At least 26 San Antonians are poised to become landowners this month, pending the final signatures for a unique, $6 million cooperative ownership and renovation deal at a trailer park that was facilitated by the city’s housing bond.
“It would give everybody at the trailer park a sense of pride for their land,” Valerie A. Valenzuela, who has lived at Riverside Terrace Manufactured Home Community for about two years, told the San Antonio Report earlier this week. “We’re not just tenants.”
It’s the first time the city has directly invested in a project where residents have shared ownership of the land under the homes they own through a limited equity co-op.
Instead of owning both the home and the property it is built on, co-op members would own the property collectively, while individuals own only their home. The structure is similar to that of a community land trust, ensuring decisions about the property are made by the residents and providing long-term affordability through income restrictions.
On Thursday, City Council approved the final piece of funding that will allow the newly-formed Mission Trails Community Association board — named as an homage to the infamously displaced community that was later replaced with “luxury” apartments in the South Side — to purchase and improve Riverside Terrace.
The $750,000 forgivable loan approved Thursday from the Inner City Incentive Fund will be combined with matching funding from the San Antonio Housing Trust for necessary infrastructure projects to support the trailer park, including the repair or replacement of water and sewer lines, paving streets and demolition of a dilapidated storage building.
The entire project is slated for completion in 2024.
The loan will be forgiven in 40 years as long as the co-op retains residents who earned 80% or less than the area median income (AMI), that’s about $49,000 for an individual. If the co-op sells the land, the city would re-coup that loan, said Veronica Garcia, director of the city’s housing department.
Currently, most households in Riverside Terrace earn about 30-40% AMI, less than $30,000 for an individual. Households that may in the future earn 80% AMI or more will not be forced to leave, Garcia said.
“It’s an initial income verification,” she said. “When you [already] live there, there’s nothing that prevents you from increasing your income.”
Resident Owned Communities (ROC) USA, a New Hampshire-based organization, received $3.1 million from San Antonio’s $150 million housing bond, which included $250,000 in SAWS impact and city fee waivers, earlier this year to help establish the co-op entity, Mission Trails, which will own the land and provide residents with ongoing technical assistance and maintenance.
ROC will also loan the co-op up to $1.5 million for other neighborhood improvements, Garcia said.

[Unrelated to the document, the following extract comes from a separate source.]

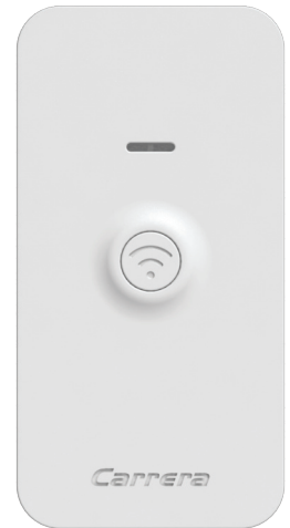
Thermostat connecté Home-SmartLink réf. FP11

The co-op’s purchase of the land from T. Evan Enterprises LLC is slated to take place on or before Nov. 13, according to a city spokesperson.
Of the 46 occupied homes, 26 have agreed to be members of the co-op and others may join later. The co-op board will vote on who can move in to the remaining eight empty lots.
The average rent is currently $475 and that monthly payment will increase to $525 for co-op members, as approved by the co-op board. That money will go toward property taxes, management, a reserve fund and administration and repayment of ROC’s loan.
The cost increase, Valenzuela said, “is to be expected, because we’re getting loans … so that we can build our neighborhood and make it a very nice community. I think it’s going to be really cost-effective. And I think it’s going to be pretty stable.”
Non-members will not be force to leave Riverside Terrace, but their rent will be higher than what members pay, Garcia said.
There has been some initial skepticism among residents about joining, said Valenzuela, who serves on the Mission Trail board and works evening shifts at a Home Depot. “There is always going to be some hesitation because it’s a big change. It’s a big leap. But as soon as everybody started seeing the positive parts and started understanding what actually is going on, everybody pretty much jumped up and was like: OK, let’s do it.”
It’s a steep learning curve for most people to understand how a limited equity co-op works, she added, but ROC USA staff “did a very good job in helping us to understand everything.”
ROC USA has established more than 300 similar mobile home communities throughout the country, according to its website.
And the community has grounds to be suspicious of big changes.
Despite protests and pleas from activists and residents in 2014, City Council approved a zoning change that allowed a developer to remove the Mission Trails Mobile Home Park, home to more than 300 people, to make way for MELA Apartments.
That led to the formation of two different task forces and initiatives to preserve, protect and produce affordable housing, manifesting in 2021 with the approval of the 10-year, Strategic Housing Implementation Plan and in the 2022 municipal bond, which was the first in San Antonio to directly fund housing construction.
“As a result of that [Mission Trails] event, we looked hard at housing,” Councilwoman Phyllis Viagran (D3), whose district includes much of the South Side, told the San Antonio Report after Thursday’s vote.
Some residents of Mission Trails relocated to Riverside Terrace, just over a half-mile south of the now-sprawling apartment complex, according to a city spokesperson.
The policies and investment surrounding affordable housing in 2014 “was nothing like we have now,” Viagran said. And the city still has $14 million of the housing bond left to fund “creative” affordable housing projects or pilot programs that differ from traditional proposals or policies.
“We have come a very long way, which I’m very excited about,” she said.